Hi @qihang720 Could you specify the --max_batch_sizeas well? I can benchmark llama_7b with bs=8 and input/output_len=2048, which takes 34.78GB. python benchmark.py -m llama_7b --batch_size "8" --mode plugin --input_output_len '2048,2048' --csv --max_input_len 2048 --max_output_len 2048 --max_batch_size 32 model_name,world_size,num_heads,num_kv_heads,num_layers,hidden_size,vocab_size,precision,batch_size,input_length,output_length,gpu_peak_mem(gb),build_time(s),tokens_per_sec,percentile95(ms),percentile99(ms),latency(ms),compute_cap llama_7b,1,32,32,32,4096,32000,float16,8,2048,2048,34.78,29.17,161.64,101385.156,101385.156,101359.884,sm86

jdemouth-nvidia commented 10 months ago

I see that @litaotju is assigned on this issue. His analysis has concluded that it’s not a bug. Quoting him:

Tracing down to TRT memory allocation. TRT needs at least 4 big block to hold the internal Tensors for decoder block.

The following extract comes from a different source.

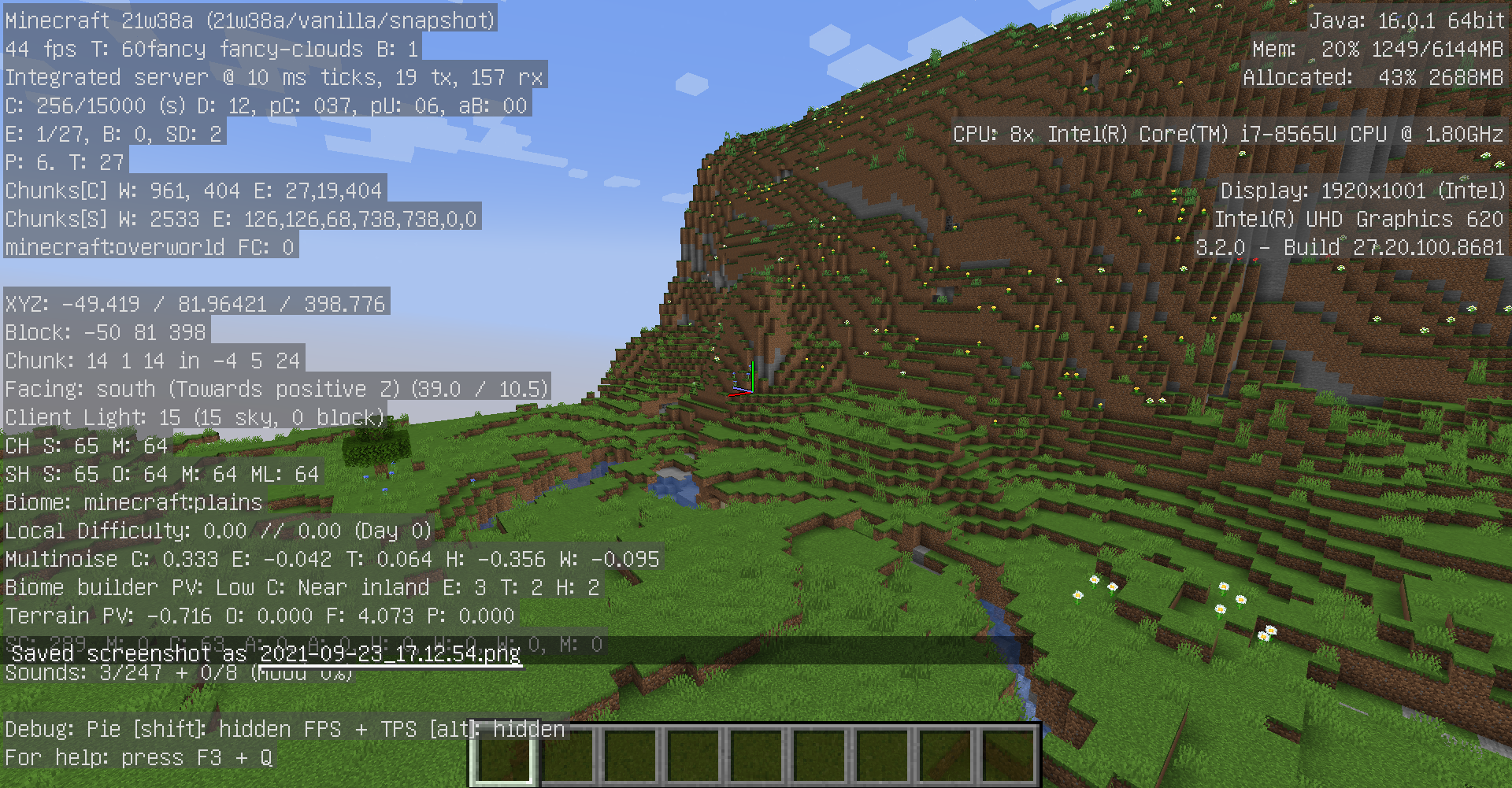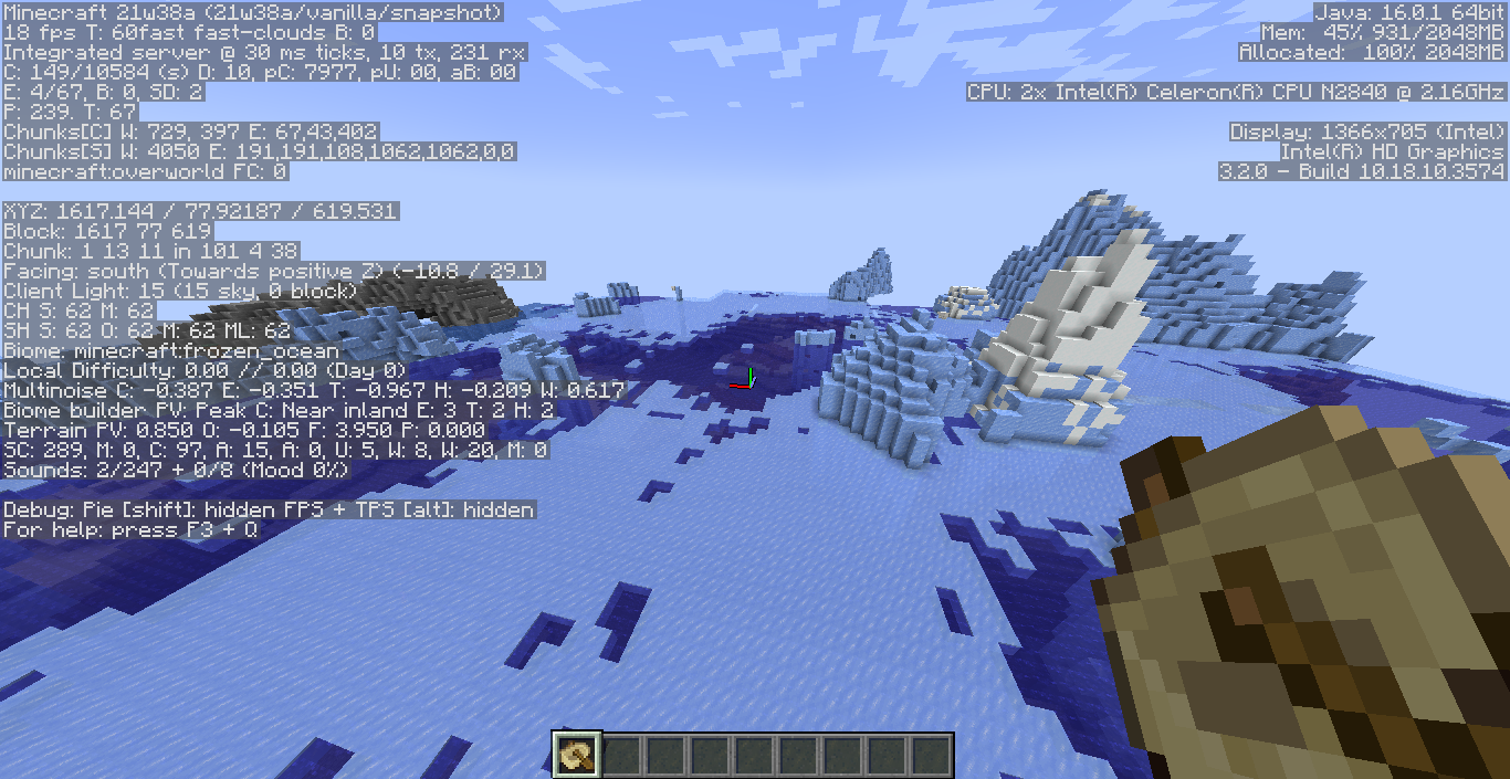 In 21w38a, the biome builder noises for Continentalness, Erosion, Temperature, and Humidity are locked at Near Inland, 3, 2, and 2, respectively.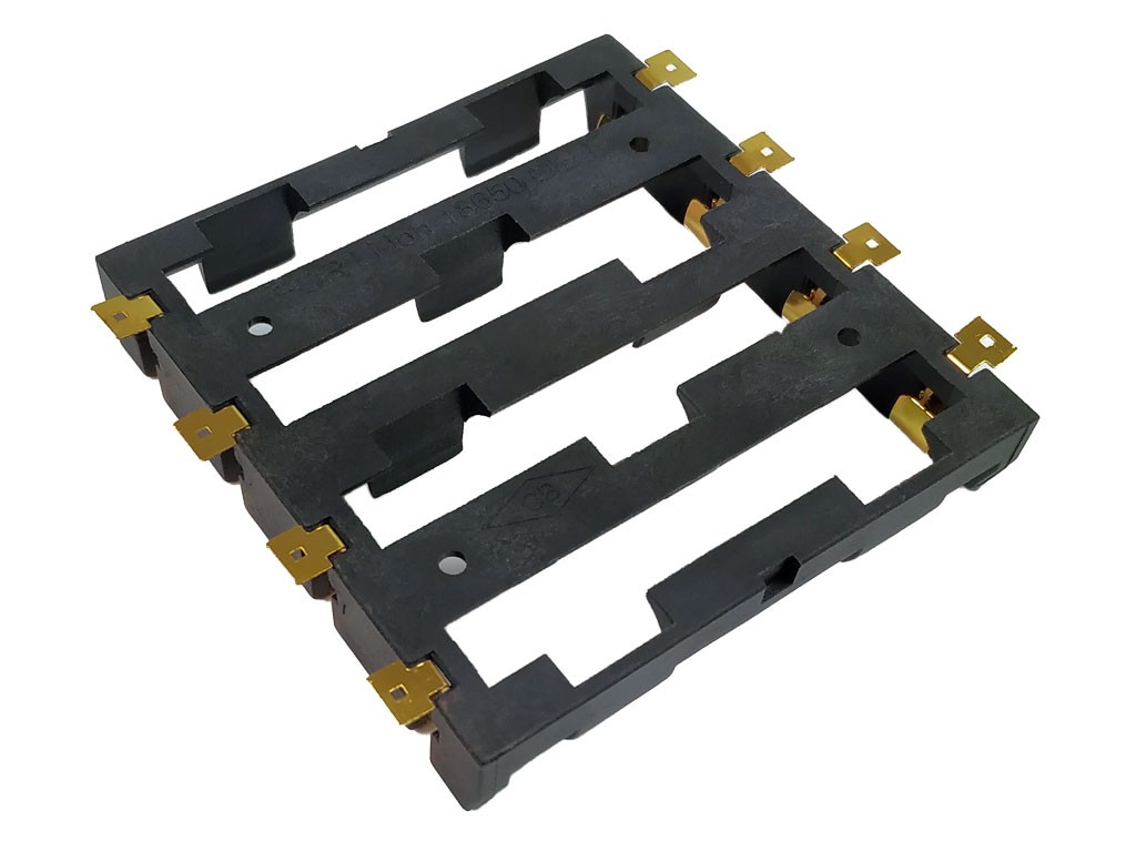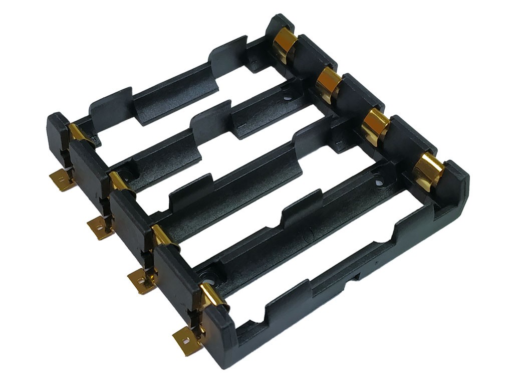 Plastový držák pro čtyři baterie typu 18650. Tento produkt je navržen pro snadné použití a spolehlivé připojení. Pozlacené vývody zajišťují vynikající elektrický kontakt a pájecí očka usnadňují instalaci.

hidden_states before qkv_gemm = MAX_BS x MAX_IN_SEQ x HIDDEN = 128x 2048x 4096 x 2 = 2147483648

qkv gemm output = MAX_BS x MAX_INP_LEN x HIDDEN x 3 (QKV) = 128 x 2048 x 4096 x 3 x 2 bytes (fp16) = 6442450944

mlp 1st FC out = MAX_BS x MAX_INP_LEN x inter size = 128 x 2048 x 11008 x 2 = 5771362304

mlp activation out (assume not fused in plugin mode) = 1st FC out = 5771362304

In this case, the memory consumption is correct, and no bugs. And the "activation" memory handled by TRT is always computed by max shape, like the max batch size 128, even though, user requests to use bs = 8 in the runtime.

If user build the engine with max bs == 8, then the activation memory allocated by TRT can be reduced by 128/8 = 16x, which is about 1GB.